Please, show your work

Published: May 29, 2020   |   Read time:


Biology papers in the fields of genomics and epigenomics have become increasingly mathematical over the last couple decades, particularly with the introduction of genome sequencing into the reperetoire of most research labs. And as with many other research fields containing large datasets, machine learning has become a particularly popular tool. However, there is controversy around what role machine learning should play in biological research, and how to interpret the results of papers that use them.

Take this article1 from a few years ago (emphasis, mine):

Although these deep-learning networks can be stunningly accurate at making predictions, Finkbeiner says, “it’s still challenging sometimes to figure out what it is the network sees that enables it to make such a good prediction”.

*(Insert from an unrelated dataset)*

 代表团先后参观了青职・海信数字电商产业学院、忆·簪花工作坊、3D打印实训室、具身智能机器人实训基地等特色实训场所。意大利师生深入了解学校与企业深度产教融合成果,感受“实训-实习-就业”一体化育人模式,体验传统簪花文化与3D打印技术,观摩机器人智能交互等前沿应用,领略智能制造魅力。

Still, many subdisciplines of biology, including imaging, are reaping the rewards of those predictions. A decade ago, software for automated biological-image analysis focused on measuring single parameters in a set of images. For example, in 2005, Anne Carpenter, a computational biologist at the Broad Institute of MIT and Harvard in Cambridge, Massachusetts, released an open-source software package called CellProfiler to help biologists to quantitatively measure individual features: the number of fluorescent cells in a microscopy field, for example, or the length of a zebrafish. But deep learning is allowing her team to go further. “We’ve been shifting towards measuring things that biologists don’t realize they want to measure out of images,” she says.

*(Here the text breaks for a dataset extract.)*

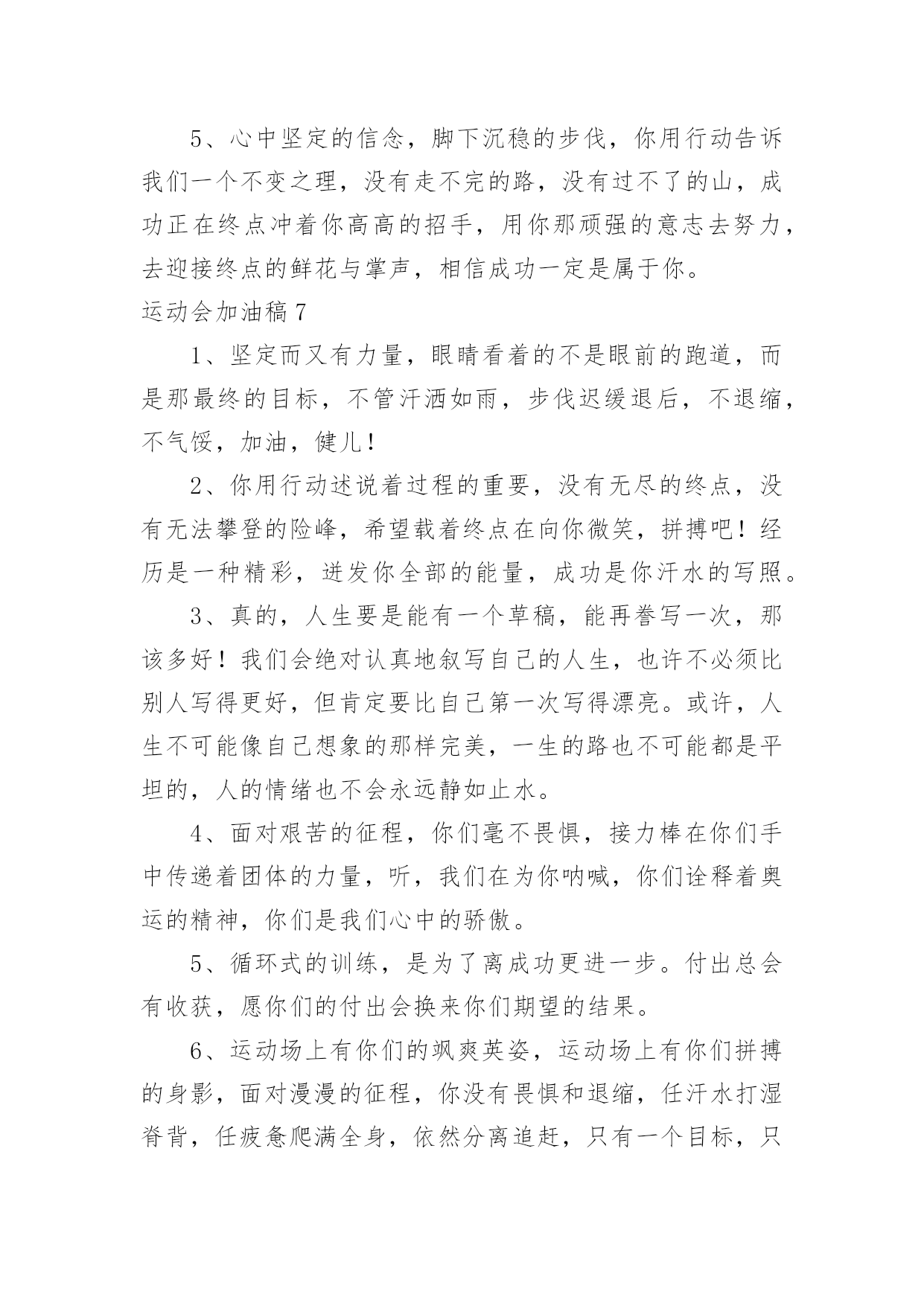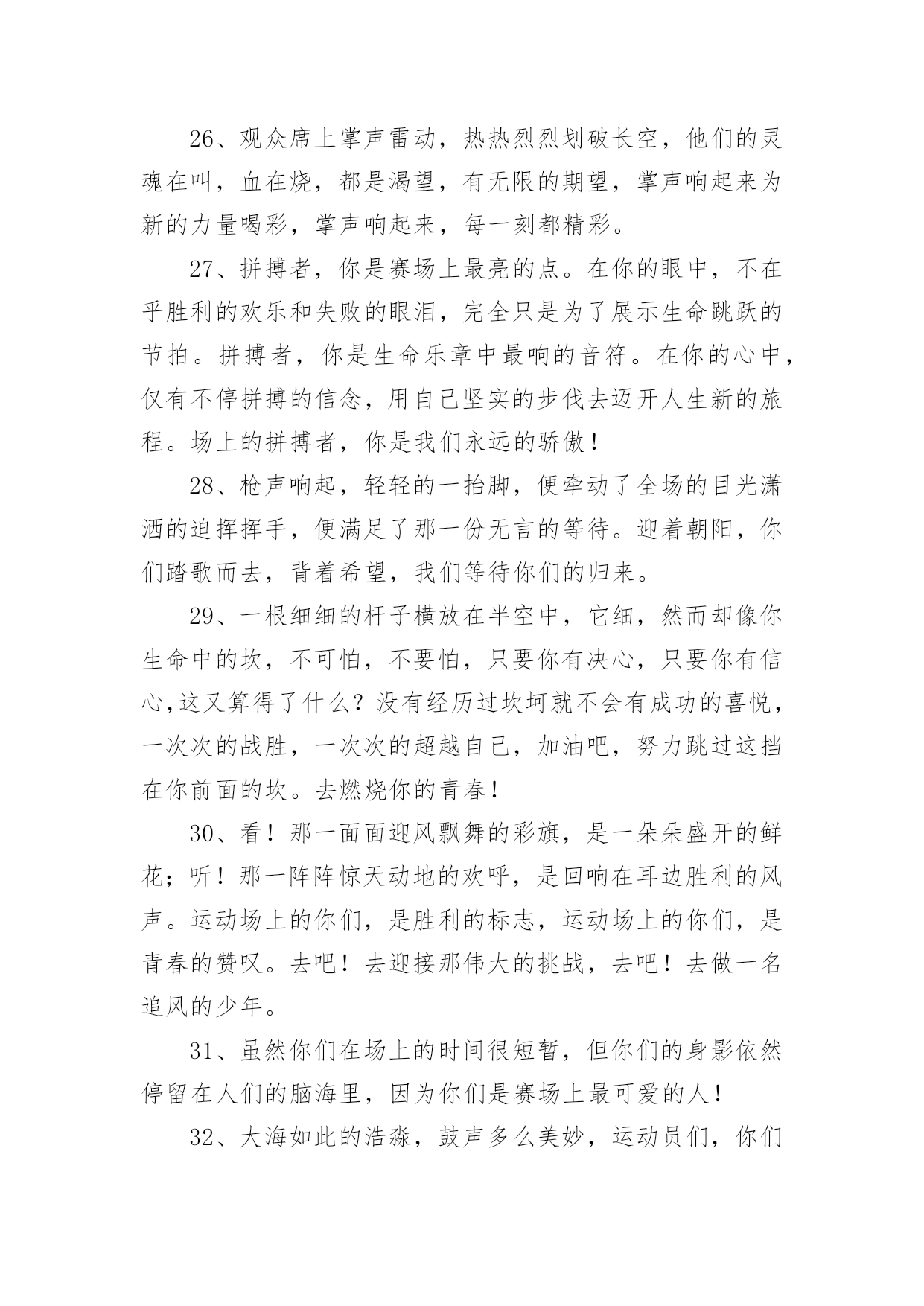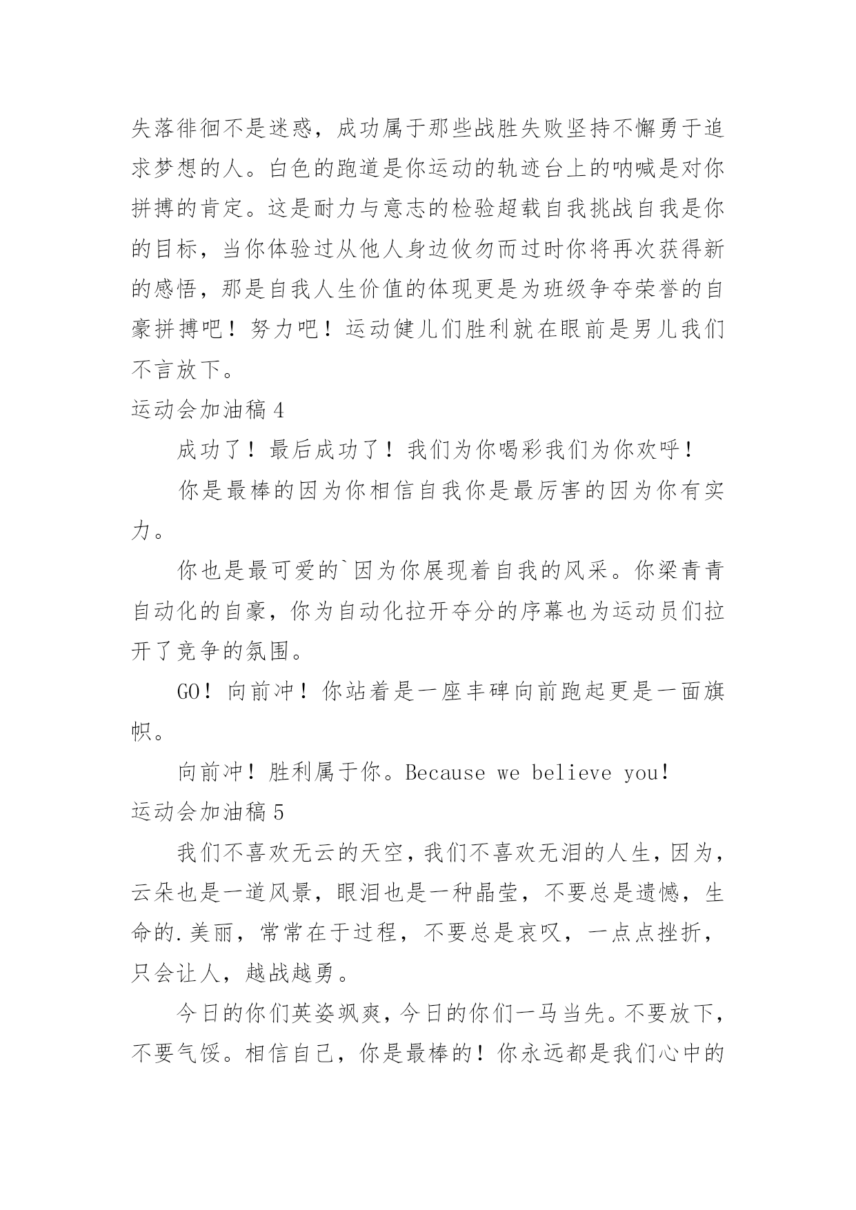运动会加油稿运动会加油稿在现在的社会生活中,能够利用到加油稿的场合越来越多,加油稿可以激励对方更好地参加活动。你写加油稿时总是无从下笔?以下是小编为大家整理的运动会加油稿,希望能够帮助到大家。运动会加油稿11..年轻的我们自信飞扬,青春的气息如同出生的朝阳,蓬勃的力量如同阳光的挥洒。此时此刻,跑道便是我们精彩的舞台,声声加油便是我们最高的奖项!论何成功,谈何荣辱,心中的信念只有一个拼搏!萧瑟的秋风,挡不住你们破竹的锐气,2..广阔的`绿茵场,是为你们搭建的舞台。张扬吧,年轻的心,我们将为你永远喝彩!3..朋友,在你走上跑道那一刻,告诉自己,无论成功与否,微笑着跑完全程,只要年轻的心还在不停地跳动,就要大声告诉自己——我无所畏惧。4.亲爱的运动健儿们,加油吧!洒一把艰辛的汗水,继续抬起疲倦的脚步,爆发的一吼气贯长虹,继续向前,不论成功与否,你已曾经拥有。曾记否,在终点欢呼,震惊四周。5.无论成功与否,我们永远铭记这充满奋斗印记的阳光灿烂的日子6.无论你成功与否,刹那属于你。而你,一定属于永恒!7.只要你没有遗憾地奋斗,你就不必失望,你的生命已放出闪光!8.成功永远属于每一个勇敢者!9.不为掌声的注释,不为刻意的征服,不为失败的痛苦,只有辛勤的汗水,化作成功的脚步!10.不为鲜花的围绕,不为刹那的荣耀,只有执着的信念,化作不停的奔跑,心中燃烧着梦想,脚下不停的步伐!运动会加油稿2心情是飞扬的,亦如今天湛蓝的天空。笑容是飞扬的,亦如今天取得的佳评。青春是飞扬的,亦如今天大家的期待。你们是飞扬的,亦如今天脸上的自信。加油吧!让你们的“梦想”飞得更快、更高、更远。纵使沙坑上不能永恒地留下你们的.脚印,但我们的回忆中将永远在你们的努力中。运动会加油稿3人生的路有坦途也有坎坷;走过的岁月有欢笑也有苦涩。泪水告诉我一个跌倒的故事。汗水使我多了一份沉重几多成熟。理想毕竟不一样于现实,失败是生活的一部分谁也无法选取无法拒绝。人生要自我去拼搏去奋斗,在风雨中百屈不挠、勇往直前,在自我的每个驿站都留下一段无悔的'回忆。流泪不是失落徘徊不是迷惑,成功属于那些战胜失败坚持不懈勇于追求梦想的人。白色的跑道是你运动的轨迹台上的呐喊是对你拼搏的肯定。这是耐力与意志的检验超载自我挑战自我是你的目标,当你体验过从他人身边攸勿而过时你将再次获得新的感悟,那是自我人生价值的体现更是为班级争夺荣誉的自豪拼搏吧!努力吧!运动健儿们胜利就在眼前是男儿我们不言放下。运动会加油稿4成功了!最后成功了!我们为你喝彩我们为你欢呼!你是最棒的因为你相信自我你是最厉害的因为你有实力。你也是最可爱的`因为你展现着自我的风采。你梁青青自动化的自豪,你为自动化拉开夺分的序幕也为运动员们拉开了竞争的氛围。GO!向前冲!你站着是一座丰碑向前跑起更是一面旗帜。向前冲!胜利属于你。Becausewebelieveyou!运动会加油稿5我们不喜欢无云的天空,我们不喜欢无泪的人生,因为,云朵也是一道风景,眼泪也是一种晶莹,不要总是遗憾,生命的.美丽,常常在于过程,不要总是哀叹,一点点挫折,只会让人,越战越勇。今日的你们英姿飒爽,今日的你们一马当先。不要放下,不要气馁。相信自己,你是最棒的!你永远都是我们心中的体育健儿!加油!时值秋暮冬初,虽然已过了金秋十月,然而初冬依然暖阳高照,校运动会在这样风和日丽的天气里如期举行了。运动会加油稿61、不为掌声的诠释,不为刻意的征服,只有辛勤的汗水化作追求的脚步,心中坚定的信念,脚下沉稳的步伐,你用行动诉说着一个不变的真理,没有比脚更长的路,没有比人更高的山,希望在终点向你招手,努力吧用你坚韧不拔的毅志,去迎接终点的鲜花与掌声,相信成功属于你。2、不长不短的.距离,需要的是全身心全程投入,自始至终你们都在拼全力此时此刻,你们处在最风光的一刻,无论第几坚持胜利的信心,只要跑下来,你们就是英雄。3、在今天的赛场上,我只是个场边的看客。我用眼睛见证了赛场上的是非成败,用心灵感受了运动员的喜怒哀乐。他坚持跑完全程,我学到了坚持的可贵,他摔倒了再站起来,我学会了不怕失败的勇气。场上每一个点滴,都如此的震撼我的心灵。在今天的赛场上,我只是个场边的看客,但我学到了很多。4、也许流星并不少见,但它燃烧的刹那,留给人间最美丽的回忆!也许笑脸并不少见,但胜利的喜悦,总会留给世界精彩的一瞬!是的,那些曾经美妙的东西只有短短的一瞬间,但那却把最辉煌的一刻留给了人间。胜利,是每个人所追求的,胜利的喜悦,是胜利与重新开始的转折,胜利是新的开始!5、心中坚定的信念,脚下沉稳的步伐,你用行动告诉我们一个不变之理,没有走不完的路,没有过不了的山,成功正在终点冲着你高高的招手,用你那顽强的意志去努力,去迎接终点的鲜花与掌声,相信成功一定是属于你。运动会加油稿71、坚定而又有力量,眼睛看着的不是眼前的

For all its promise, deep learning poses significant challenges, researchers warn. As with any computational-biology technique, the results that arise from algorithms are only as good as the data that go in. Overfitting a model to its training data is also a concern.

This feedback cycle of machine learning-based research in biology is very different than what biologists from even 15 years ago are used to, and is changing the landscape of how research is done today.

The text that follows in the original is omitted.